I watch the gas station attendant feed gas into a blue Subaru and then see the lights in a Starbucks shut off all of a sudden and watch a hooker stand on the corner and she walks down a side street when she obviously sees us and the cops I can tell saw her too because in the front they crack jokes about this derelict woman, and about what she is, and this makes me mad as she probably needs the cash, maybe to feed her two crying babies she’s got at home, but then she shouldn’t have had the babies in the first place but at the same time I feel guilty for thinking so negatively about her and I wonder what her name is and I know I’ll never know and then the cruiser stops.

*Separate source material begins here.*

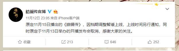 Tuy nhiên, vào sáng ngày 13/11, weibo chính thức của phim và các trang tin Trung Quốc đồng loạt đưa tin hoãn chiếu bộ phim Hạo Lan truyện. Nguyên nhân và thời điểm trình chiếu chính xác chưa được đưa ra. Buổi họp báo ra mắt đoàn phim vào ngày hôm nay cũng bị hủy bỏ.

I shift my gaze nervously and to our sides, out the windows, are boarded-up buildings, and through the front windshield I see a dead end, blocked off by a short fence and beyond it are woods and what the fuck!
This can’t be good.
I, for the first time this whole ride, look at Sara and her jaw is moving, I know this from the way her bone pokes through her cheek and then her cheek deflates and she does it again, and I look in the front, but… where’d they go?
I hear a click which steals my focus to the door and it opens on my side and on Sara’s side and the second cop is standing right outside, still smiling like a madman.
I look over at Sara and past her is Kane and he says to her, Get out.
Sara’s jaw moves faster and I hear the sound of her teeth grinding, or maybe that’s mine, I don’t know.
Get out, the second cop says to me, and, unlike Sara, I obey right away, nervously though, and over my shoulder Kane drags her out by her hair and then she’s gone.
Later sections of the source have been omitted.